1961 A. Wilson Old Men at Zoo ii. 91 He looked at her‥as though searching beneath her pneumatic form for the disguised contours of some familiar, leaner enemy.    
1961 P. Ustinov Loser ii. 46 He became aware of the pneumatic warmth of that thigh.    
1974 Publishers Weekly 21 Jan. 88/3 Sexologist Dr. Rhona Mitchell, she of the spectacularly pneumatic proportions.    
1976 Times Lit. Suppl. 31 Dec. 1643/2 The pneumatic barmaid at their favourite wine-bar.
1994   Sunday Times 6 Mar. (Mag. section) x. 26/1   Making her film debut in 1981 as a pneumatic Texan temp in the office comedy Nine To Five, Dolly Parton was an instant success.

Well, say what you like about OED2’s somewhat obsessive documentation of pneumatic (overcompensation, perhaps, for what might be called a poetic extension rather than an enduring lexical innovation?), the revision loses a lot of information about the life story of this particular sense. The redaction of the Ford quotation, in particular, makes the allusive trace much less obvious.

Now, what about that new definition, which isn’t so new after all. I’m surprised that OED3 kept all that “bosom” terminology. Not that it’s a bad word, exactly, or inexact, but it does strike me as somewhat antiquated, or twee. The Historical Thesaurus of the Oxford English Dictionary (HTOED) gives plenty of historical synonyms for the female breast, including (in chronological order): mamma, mamelle, dug, ducky, bag, pommel, mam, Milky Way, bubby, udder, fore-buttock, titty, ditty, snow, sweet, bub, Charley, pair, tit, booby, knocker, mammary, boob, bazoom, jug, melon, Bristol, nork, and dingleberry (yes, seriously). [Bristol, by the way, is rhyming slang.
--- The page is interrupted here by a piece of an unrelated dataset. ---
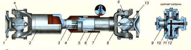 Для удержания смазки в игольчатых подшипниках и предотвращения попадания в них грязи, пыли и воды на цапфах крестовины имеются пробковые сальники 10. Игольчатые подшипники смазываются через масленки. Масло по каналам внутри цапф крестовины и по канавкам на торцах поступает к подшипникам. При этом одновременно смазываются и торцы цапф крестовины. С 1978 г. применяются карданные валы без масленки. В центре крестовины имеется клапан, через который при смазке шарниров выходит избыток масла, благодаря чему предотвращается пробивание пробковых сальников.

It is shortened from Bristol Cities, which rhymes with titties]. The crude term fore-buttocks (which OED labels jocular)–again just by the way–is in the OED (s.v. fore) on the strength of but one citation, in Jonathan Swift’s Miscellanies, although it’s actually taken (by Swift) from Pope’s Sylvia: “Now with a modest Matron’s careful Air | Now her Fore Buttocks to the Navel bare”.
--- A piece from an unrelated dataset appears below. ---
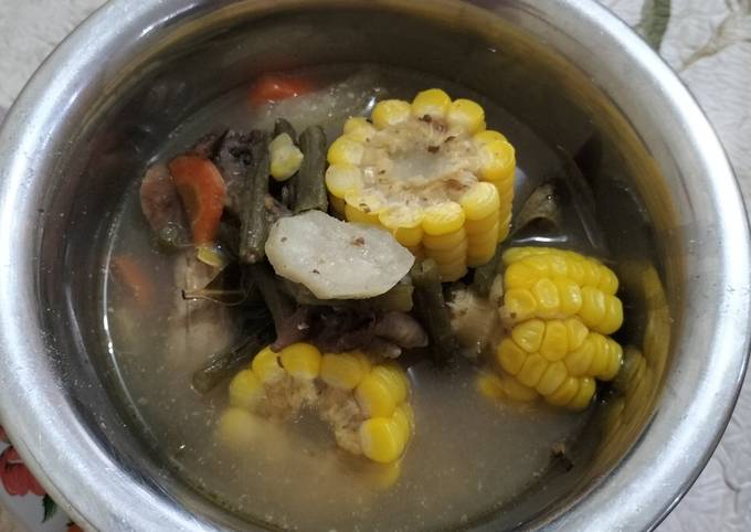 - Cek rasa,setelah ok masukan jagung dan wortel terlebih dahulu..

And HTOED also has a few specific synonyms for “having large breasts”, many of them fairly recent: milkful (1589), full-breasted (1612), liberal (1624), busty (1867), bosomful (1870), pneumatic (1919), bosomy (1928), breasty (1944), chesty (1955). A quick look at a few Google n-grams confirms the recent decline of “bosom,” and corresponding ascent of other words for the female breast, and for the attribute of having large breasts. Click on the thumbnails below to see these.

bosombigbosomed bosomy

From these charts it appears that bosom is in steady decline in the Google Books corpus, which the first graph shows fairly clearly.
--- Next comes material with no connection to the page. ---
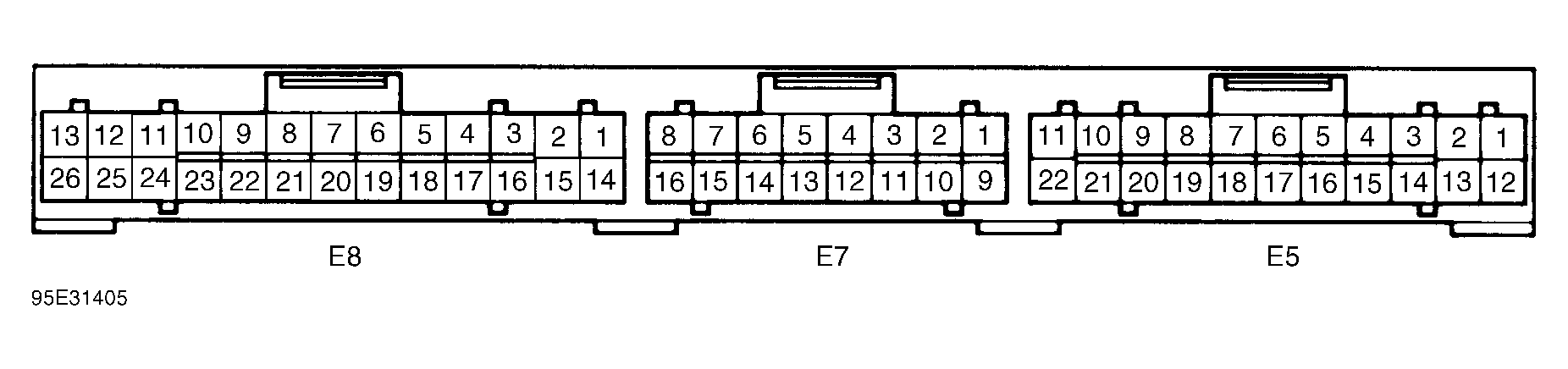 - Remove jumper wire. Turn ignition off. Access ECM behind glove box. Connect jumper wire between terminals No. 3 (Pink wire) and No. 9 (Brown/Black wire) at ECM E7 connector. See Figure. Turn ignition on.

The second graph shows a few interesting things: first is that full-, which used to be the preferred modifier for both -bosomed and -breasted, has given up a lot of ground to big-, especially with -breasted. Second, that although –bosomed has declined and –breasted has increased, and although all -breasted forms are now more common than all -bosomed forms, historically the biggest change is the ascent of big- and large- vis-a-vis full-. Both full-bosomed and full-breasted were by far the dominant forms, and roughly equal in representation, until about 1980. Apparently the hey-day for all these terms, at least as a proportion of the corpus, ranges from 1920 to 1950.

Perhaps it’s not coincidental that it’s around 1950 that busty takes off. The last chart shows that of a selection from HTOED’s list (you can’t measure chesty because it also means “congested”, a much more current usage), busty is far and away the preferred term nowadays. That word is also roughly 2.5x more frequent than big-breasted in the corpus.